S.3424 Sponsors: Senators Richard Durbin [IL]; David Vitter [LA] 

SAOVA POSITION: OPPOSE 

July 5, 2010
The Sportsmen’s & Animal Owners’ Voting Alliance (SAOVA) is OPPOSED to HR 5434/S 3424 Puppy Uniform Protection and Safety Act (PUPS) in its entirety. 

BACKGROUND
For over a decade the Humane Society of The United States (HSUS) and other anti-animal use groups have introduced federal legislation to restrict breeding of dogs and/or cats at the retail level. Their proposed legislation would amend the Animal Welfare Act (AWA) with strict regulations on retail breeders. 

A precursor of PUPS would have required the federal government to set standards for when to breed and how frequently to breed dogs. Currently the Animal Welfare Act (AWA) does not regulate breeding practices for any species regulated under the Act, and this would have set a dangerous precedent giving the federal government control over the breeding of domestic animals. No other species has a pre-breeding regulation in place. 

Subsequent versions relied on establishing a numerical threshold of numbers sold and litters bred as criteria for adding retailers into the AWA commercial dealer regulations. All versions of proposed regulation reverse a long-standing, court tested basis for commercial pet business licensing and regulation. Bill proponents continue to state their legislation “closes a loophole” in federal law although the AWA was never intended to apply to retail, in-home breeders. 

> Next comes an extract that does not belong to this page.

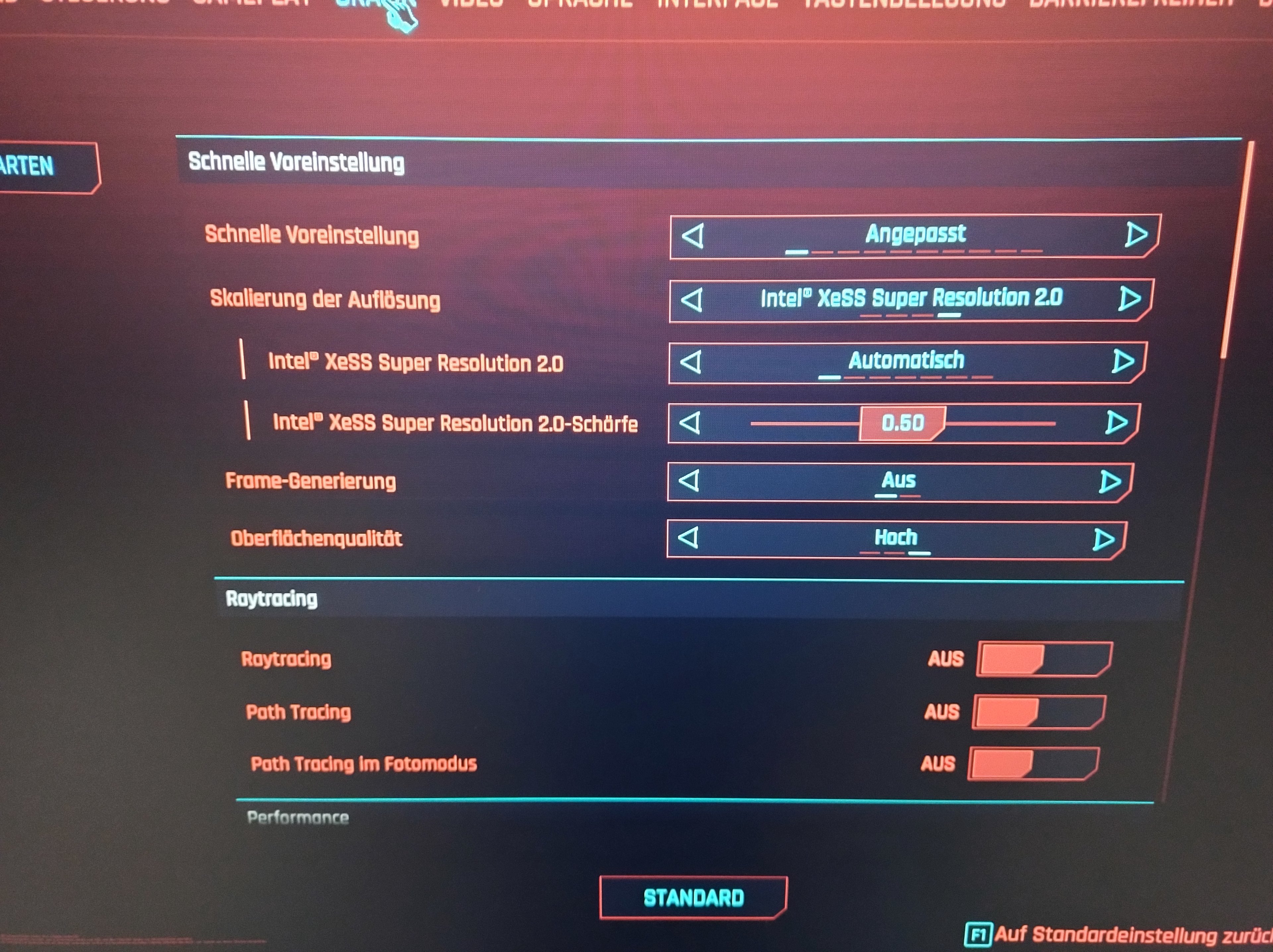 Ich habe vor kurzem angefangen Cyberpunk 2077 Phantom Liberty zu spielen und habe diverse Unstimmigkeiten bei der Grafik. Bei Zebrastreifen und internen Bildschirmen, sowie beim Hacken habe ich ein merkwürdiges Flimmern. Verstärkt wird dieses Phänomen bei Bewegungen mit der Maus. Mit meiner RX 6600 und Cyperpunk 2077 ohne Phantom Liberty hatte ich diese Probleme nie.

PUPS 2010 adds regulation with a newly created “high volume breeders” classification based on sales, and proposes regulation of breeders who sell primarily via the internet. Stated purpose is to regulate breeders currently escaping inspection and oversight. 

CURRENT AWA REGULATION AND INSPECTION
The Animal Welfare Act (AWA) requires that minimum standards of care and treatment be provided for certain animals bred for commercial sale, used in research, transported commercially, or exhibited to the public. The AWA is enforced by the Animal Care (AC) program and Marketing and Regulatory Programs Business Services, Investigative and Enforcement Services (IES) within USDA’s Animal and Plant Health Inspection Service (APHIS). 

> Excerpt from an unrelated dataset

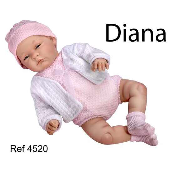 Muñeca Reborn Diana con pelele, chaqueta y gorro rosa 46 cm (1.500 gr). Edad minima recomendada 12a. No Montaje necesario. No Utiliza pilas. No Emite sonidos. No Tiene luces. Idiomas caja ES|FR|EN|DT|PT|NL|IT|RU. Idiomas instrucciones ES|FR|EN|DT|PT|NL|IT|RU. Idioma producto ES. Contenido caja MUÑECO

In May, 2010, USDA’s Office of Inspector General (OIG) conducted a review of APHIS’ regulation of problematic dog dealers. The report documented and detailed known licensed breeders and brokers, many of whom had been previously cited for violations of the AWA. 

The report concluded the enforcement process of APHIS Animal Care Unit (AC) was ineffective against problematic dealers. AC’s enforcement process was ineffective in achieving dealer compliance with AWA and regulations, which are intended to ensure the humane care and treatment of animals. The agency believed that compliance achieved through education and cooperation would result in long-term dealer compliance and, accordingly, it chose to take little or no enforcement action against most violators. 

The report found further that many inspectors did not adequately describe violations in their inspection reports, support violations with photos, or correctly report all repeat or direct violations (those that are generally more serious and affect the animals’ health). Consequently, some problematic dealers were inspected less frequently. 

Additionally, inspectors miscalculated and misused guidelines thereby incorrectly assessing minimal fines that did not deter violators. 

IMPACT OF PROPOSED PUPS BILL
*PUPS adds new problematic definitions to the existing AWA. Under the new definitions a breeding female dog means an intact female dog aged 4 months or older. It is virtually impossible for a 4 month old female dog to be capable of reproduction and therefore should not be part of this definition. This definition would compel breeders to spay at 4 months in order to keep a dog of this age on the premises without having it count toward the numeric criteria for licensing. Federal government would be well advised to avoid such standard-setting specifics as current research supports findings that early spay/neuter can be deleterious. 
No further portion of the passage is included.